Enterprise 2.0 & ROI

Through the organisational views, the implementation of social technologies  is not only covered the expectation of the returns on the monetary side but also those intangible benefits. This might possibly include all changes in the working processes/structures that drive the organisation’s performance, especially communication and collaboration. In order to determine the ‘success’ on how the organisations adopt and apply the social technologies, the return of investment (ROI) is somehow require to be measured for both quantitative and qualitative ways. For this post, I decide to discuss on the ROI scope of the social technology implementations through my chosen organisation, ‘Comcept’ as a case example.

Comcept is an independent Japanese game company that works on both design and development.
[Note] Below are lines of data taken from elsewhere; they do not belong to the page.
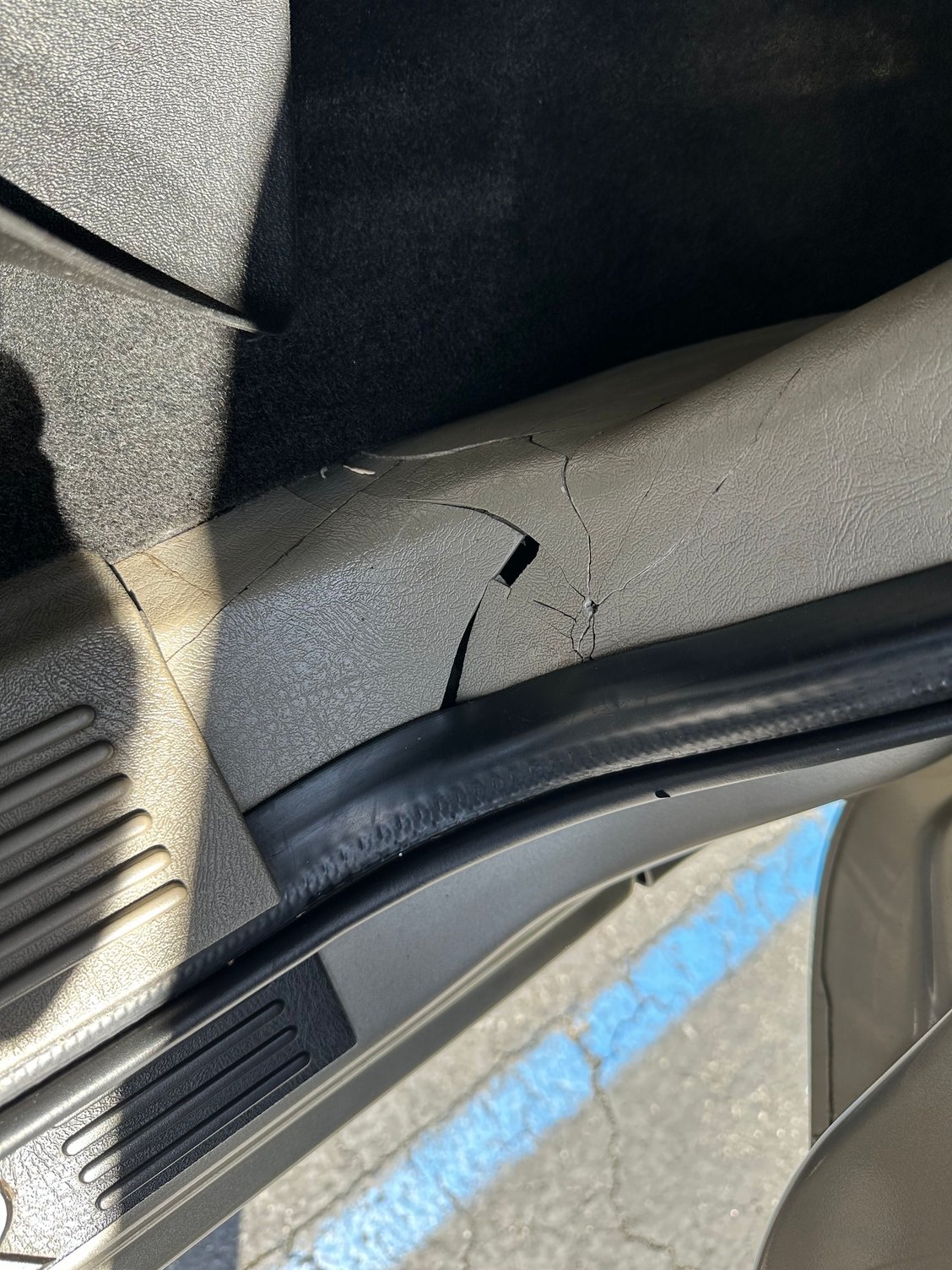 Your bags are ready to fail. Interior trim parts are brittle now, and only available as used at wrecker or eBay. Really hard to find in wheat color, as that color was not popular on later years.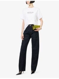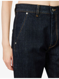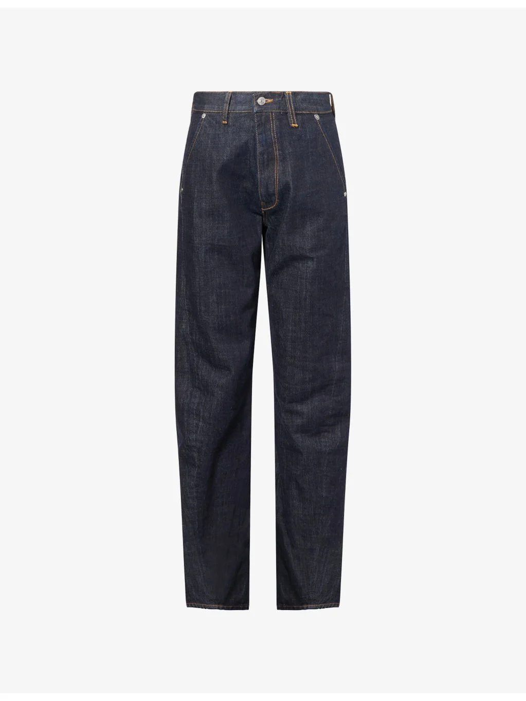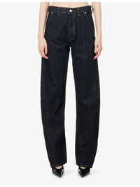 PRODUCT DETAILS - Victoria Beckham denim jeans - 100% cotton - Exposed button and concealed zip-fly fastening at front - Regular fit, high-rise, straight leg, structured waistband with belt loops, two side slant pockets, branded silver-toned hardware, two rear patch pockets, contrast stitching brand patch at back, dark wash - Machine wash at 30°C - True to size - Size 26: rise 11in / 28cm, inside leg 33.5in / 85cm, leg opening 17in / 43cm - Model is 5ft 10in/1.78m and wears a size 26 - Midweight, non-stretch Ref: R04536542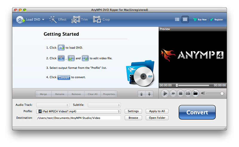 AnyMP4 DVD Ripper for Mac can help you rip DVD to VOB with high quality very easily. Also, you can take out audio files from the DVD movies and save them as your favorite audio format. Besides powerful ripping function, it can act as the wonderful video editing software. You can adjust the video effect, trim any length of the video, crop the video frame, add text/image watermark in the video and join several clips into one file. With creative and flexible features, you can preview the source and targeted video, and also capture your favorite DVD video image as wallpaper. In a word, you can get your ideal video with this Mac DVD Ripper. The tutorial mainly introduces the simplest way to rip DVD to VOB on Mac.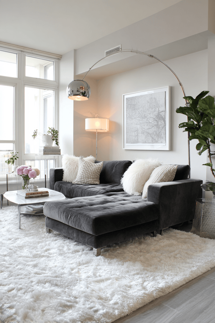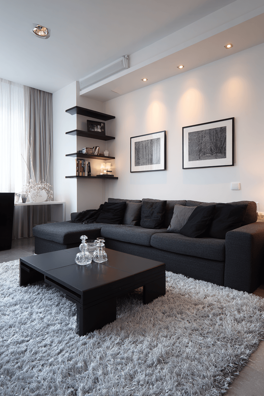 Minimal design becomes powerful in a charcoal couch living room focused on bold simplicity. The dark sofa contrasts sharply against bright white walls. Only a few statement pieces provide visual interest. Open space allows each element to feel intentional. The result is a charcoal couch living room that feels striking yet calm. Browse minimalist inspiration to refresh your space.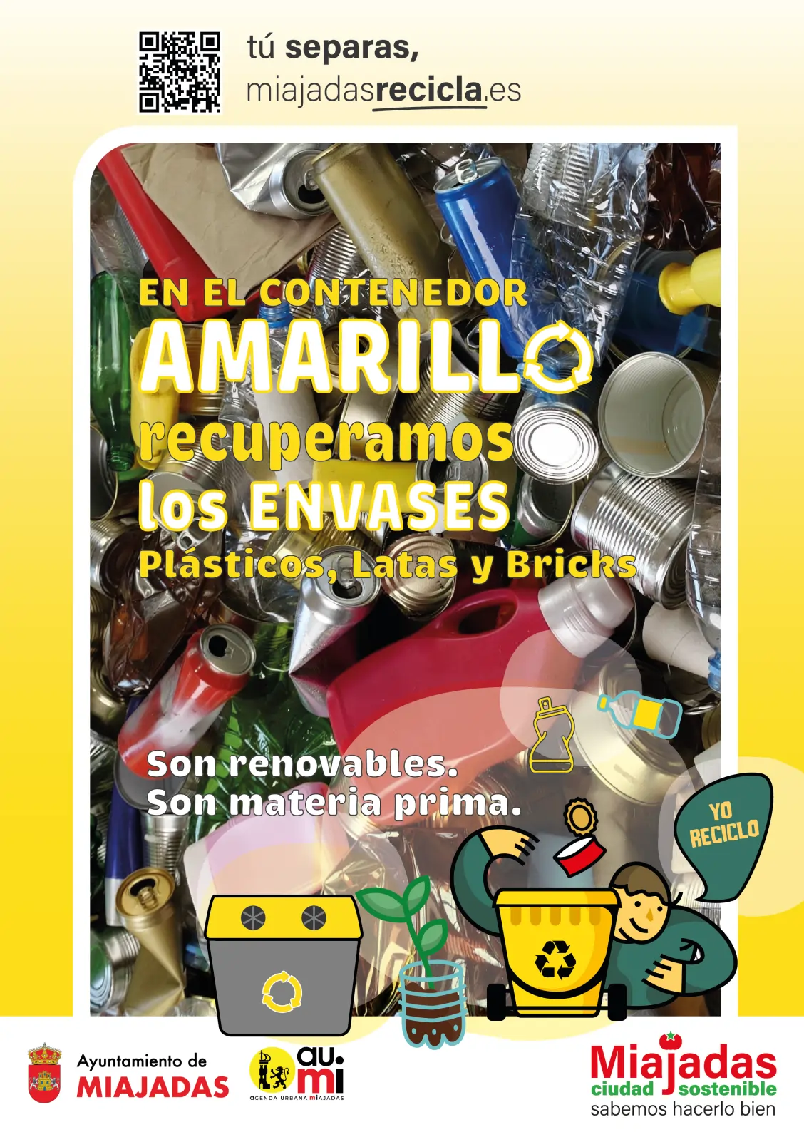 Cada cosa en su contenedor: al amarillo, latas, briks y envases de plástico. Separa bien en casa tus residuos. Un pequeño gesto que ayuda a ahorrar al municipio y hace más eficiente el reciclaje.

The company launched its Kickstarter project, ‘Mighty No.9’ at the end of August 2013. Its funded budget was set to be approximately $900,000 as its minimum goal. There was no specific monetary in details on how this amount of the budget could broken down into which sub-costs, but it might surely consist the cost of the game production elements (e.g. programmers, designers, artists) and the cost of the tiers’ physical products (if the company specified/stated them in its announced project).

Illust. by Sarun Y.

Illust. by Sarun Y.

During the funding period (Aug 31, 2013 – Oct 1, 2013) of the Mighty No.9’s project, Comcept had engaged both of its fans and gamers through its project’s social media channels (Facebook and Twitter) along with keeping the updates on its official Kickstarter page. At the current state of the project, the company has successfully reached its minimum goal (within 48 hours after the project launched) as well as some of its stretch goals. By using the social media monitoring tool such Topsy with the main keywords of Mighty No.9, the result really demonstrated that there are high active numbers of around 300 mentioned tweets about this project during the first 3-5 days after the project went live, not even mention its Facebook page (1,077 likes) and its search term (270 hits). These quantified results reflected the phenomenon on why the project could be able to reach its first goal within the short period of time.
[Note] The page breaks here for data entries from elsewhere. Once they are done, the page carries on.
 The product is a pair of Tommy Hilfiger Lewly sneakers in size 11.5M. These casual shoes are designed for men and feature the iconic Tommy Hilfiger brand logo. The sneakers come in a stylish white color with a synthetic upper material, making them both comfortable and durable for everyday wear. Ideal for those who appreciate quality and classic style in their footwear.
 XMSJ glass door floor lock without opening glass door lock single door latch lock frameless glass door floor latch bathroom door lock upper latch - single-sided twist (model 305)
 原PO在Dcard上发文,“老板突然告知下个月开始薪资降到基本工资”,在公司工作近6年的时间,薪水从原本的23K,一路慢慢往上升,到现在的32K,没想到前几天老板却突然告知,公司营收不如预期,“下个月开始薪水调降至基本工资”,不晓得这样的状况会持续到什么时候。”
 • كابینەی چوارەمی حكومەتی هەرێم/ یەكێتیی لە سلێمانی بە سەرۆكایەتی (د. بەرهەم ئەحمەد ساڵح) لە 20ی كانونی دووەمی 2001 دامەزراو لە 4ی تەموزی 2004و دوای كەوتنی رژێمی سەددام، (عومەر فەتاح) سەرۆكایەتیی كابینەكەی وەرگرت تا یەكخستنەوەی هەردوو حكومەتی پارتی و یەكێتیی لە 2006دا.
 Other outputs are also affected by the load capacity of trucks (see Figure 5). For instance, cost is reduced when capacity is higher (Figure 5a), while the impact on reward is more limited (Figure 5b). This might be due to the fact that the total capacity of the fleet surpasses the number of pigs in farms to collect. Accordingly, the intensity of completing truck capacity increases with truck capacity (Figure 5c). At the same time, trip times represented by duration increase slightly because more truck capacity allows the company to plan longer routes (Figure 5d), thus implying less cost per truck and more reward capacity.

On the final date of the project funding (Oct 1, 2013), the funded amount was completely ended with $4,046,579 (with Paypal amount included). According to the progress graph from Kicktraq, it visualized on the growth amount touched the pledged bar of $4M. From this, I decide to use the finalized numbers based on the Mighty No.9’s official Kickstarter page to do the ROI calculation. To calculate the actual social media ROI from this Kickstarter project, I would like to bring up the formula first, and it is “ ROI = ((Gain from investment – Cost of investment) / Cost of investment) x 100% ”. By substituting the mentioned numeric values, the equation is going to look like this:

ROI = ( ( [ $4,046,579 – [ $4,046,579 x 5% as Kickstarter fee ] ] – $900,000 ) / $900,000 ) x 100%  

       = ( $2,944,250.05 / $900,000 ) x 100%  = 327.14%

Illust. by Sarun Y.

Illust. by Sarun Y.

About other related major benefits that the Comcept company gain from this project through the use of social technologies, they can be categorised and listed as follows:

  • Tangible benefits
    – Being able to reach and go beyond the company’s goal with the amount of $4,046,579 through crowdfunding with the total of 67,226 backers16,088 Twitter followers (with 1,088 mentions), and 15,146 Facebook likes (with 6,129 mentions) within only a month.

  • Intangible benefits
    – Being able to engage fans/gamers and gain their inputs for the new game ideas through the use of crowdsourcing
    – Extending the online communication options through available social media channels (Facebook and Twitter) as approaching wider fans/games communities and promoting/informing the company’s project
    – Gaining customers’ insights (especially the trends) and being able to improve/develop the products that meet the targeted audiences
    – Exploring the new market through the use of crowdfunding

By basing on the outputs and benefits that I have mentioned above, I think that the case of the Comcept company is an interesting organisation’s model in terms of applying the current social technologies to maximize the company’s performances. From this, the company can be able to get connected with its loyal and new customers (as the contacts’ extension) much more easier than ever. Together, they can shape the organisation’s future in which bringing the quality of the products/ services into the next stage. That is also considered as another key value where it can be captured apart from the monetary returns.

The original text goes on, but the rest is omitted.